The foregoing agreement terminations followed the delivery of the Company’s notices, pursuant to the respective agreements, to each of Castor and Mr. Dabney, requesting that all of the material breaches and defaults be cured within the timeframe allotted under the respective agreements.

 

Upon these terminations, the Company requested that Castor either (i) return to the Company the 10 million shares of the Company’s common stock issued to Castor, which Castor subsequently sold to Mr. Dabney on January 14, 2015 or (ii) pay the Company the agreed value of such shares.

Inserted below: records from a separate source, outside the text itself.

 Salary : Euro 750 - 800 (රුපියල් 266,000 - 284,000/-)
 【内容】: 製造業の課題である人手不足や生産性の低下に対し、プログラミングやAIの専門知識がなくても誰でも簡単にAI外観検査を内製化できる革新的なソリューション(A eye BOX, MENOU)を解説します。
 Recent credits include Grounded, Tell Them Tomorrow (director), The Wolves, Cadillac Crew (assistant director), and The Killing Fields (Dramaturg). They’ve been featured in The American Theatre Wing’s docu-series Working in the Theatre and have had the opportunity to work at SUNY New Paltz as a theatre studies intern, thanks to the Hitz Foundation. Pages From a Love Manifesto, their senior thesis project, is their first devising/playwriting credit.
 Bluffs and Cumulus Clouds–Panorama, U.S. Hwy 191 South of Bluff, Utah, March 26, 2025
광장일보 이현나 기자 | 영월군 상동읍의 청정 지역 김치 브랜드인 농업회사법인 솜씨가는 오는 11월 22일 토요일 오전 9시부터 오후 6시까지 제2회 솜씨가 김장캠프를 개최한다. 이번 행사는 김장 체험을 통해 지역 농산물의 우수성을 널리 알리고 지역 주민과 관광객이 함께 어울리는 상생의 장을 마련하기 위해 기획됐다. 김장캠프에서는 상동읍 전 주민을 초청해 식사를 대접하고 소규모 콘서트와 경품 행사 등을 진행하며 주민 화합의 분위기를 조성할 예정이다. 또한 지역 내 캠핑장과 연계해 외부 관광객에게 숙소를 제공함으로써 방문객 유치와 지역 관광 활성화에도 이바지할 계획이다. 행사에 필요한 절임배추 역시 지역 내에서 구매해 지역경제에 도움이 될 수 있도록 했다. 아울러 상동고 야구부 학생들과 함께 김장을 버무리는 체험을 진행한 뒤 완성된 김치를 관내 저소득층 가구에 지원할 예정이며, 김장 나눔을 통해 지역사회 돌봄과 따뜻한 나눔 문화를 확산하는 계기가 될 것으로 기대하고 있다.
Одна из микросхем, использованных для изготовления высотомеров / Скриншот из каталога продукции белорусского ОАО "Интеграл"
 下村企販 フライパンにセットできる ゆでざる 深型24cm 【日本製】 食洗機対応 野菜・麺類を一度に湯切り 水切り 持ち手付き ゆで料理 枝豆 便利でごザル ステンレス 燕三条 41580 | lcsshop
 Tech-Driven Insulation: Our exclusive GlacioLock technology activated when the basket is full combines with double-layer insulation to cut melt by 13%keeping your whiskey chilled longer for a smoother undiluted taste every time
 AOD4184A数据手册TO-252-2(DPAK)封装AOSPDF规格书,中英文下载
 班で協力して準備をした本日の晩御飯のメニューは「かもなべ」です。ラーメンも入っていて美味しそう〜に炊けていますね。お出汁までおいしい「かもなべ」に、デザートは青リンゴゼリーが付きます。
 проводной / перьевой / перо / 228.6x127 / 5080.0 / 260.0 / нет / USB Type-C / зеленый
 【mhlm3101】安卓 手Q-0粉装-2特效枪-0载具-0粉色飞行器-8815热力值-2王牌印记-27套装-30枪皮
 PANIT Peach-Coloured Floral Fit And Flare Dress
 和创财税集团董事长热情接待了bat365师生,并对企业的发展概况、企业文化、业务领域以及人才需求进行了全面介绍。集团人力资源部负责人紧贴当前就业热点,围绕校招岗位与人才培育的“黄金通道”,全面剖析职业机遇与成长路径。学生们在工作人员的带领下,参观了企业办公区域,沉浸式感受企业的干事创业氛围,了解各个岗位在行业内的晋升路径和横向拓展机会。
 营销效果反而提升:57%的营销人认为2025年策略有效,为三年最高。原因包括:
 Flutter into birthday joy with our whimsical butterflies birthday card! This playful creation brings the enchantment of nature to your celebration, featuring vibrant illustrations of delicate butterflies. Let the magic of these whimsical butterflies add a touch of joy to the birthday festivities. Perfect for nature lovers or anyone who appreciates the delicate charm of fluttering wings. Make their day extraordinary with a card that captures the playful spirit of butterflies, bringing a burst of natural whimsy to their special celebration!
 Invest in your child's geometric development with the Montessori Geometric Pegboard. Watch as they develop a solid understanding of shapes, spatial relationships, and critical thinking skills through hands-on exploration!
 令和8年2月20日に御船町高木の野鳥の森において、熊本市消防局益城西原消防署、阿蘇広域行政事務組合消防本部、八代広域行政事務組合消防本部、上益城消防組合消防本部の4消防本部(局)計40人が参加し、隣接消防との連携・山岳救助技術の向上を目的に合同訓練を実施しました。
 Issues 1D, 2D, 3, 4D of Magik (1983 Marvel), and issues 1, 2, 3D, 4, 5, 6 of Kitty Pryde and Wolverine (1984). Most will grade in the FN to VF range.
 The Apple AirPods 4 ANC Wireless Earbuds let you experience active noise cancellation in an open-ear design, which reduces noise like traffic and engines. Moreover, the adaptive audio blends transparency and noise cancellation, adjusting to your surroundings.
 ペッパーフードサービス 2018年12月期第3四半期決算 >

In addition, the Company requested that Castor return and relinquish any and all interest in the 500,000 Series A Preferred Stock issued to Castor at the time of the execution of the CSA, which Castor subsequently sold to Mr. Dabney on January 14, 2015.

 

In addition, upon termination of the MBA, the Company requested that Mr. Dabney either (i) return to the Company all of the Company’s shares in Mr. Dabney’s possession or (ii) pay the fair value of such shares to the Company, which the Company estimated to be at least $22 million based upon the closing price of the Company’s common stock of $2.00 per share on December 13, 2013. In addition, the Company requested that Mr. Dabney return and relinquish any and all interest in the 500,000 Series A Preferred Stock issued to Castor at the time of the execution of the CSA, which Castor sold to Mr. Dabney on January 14, 2015.

 

 

 

 

SIGNATURES

 

Pursuant to the requirements of the Securities Exchange Act of 1934, the Registrant has duly caused this report to be signed on its behalf by the undersigned, hereunto duly authorized.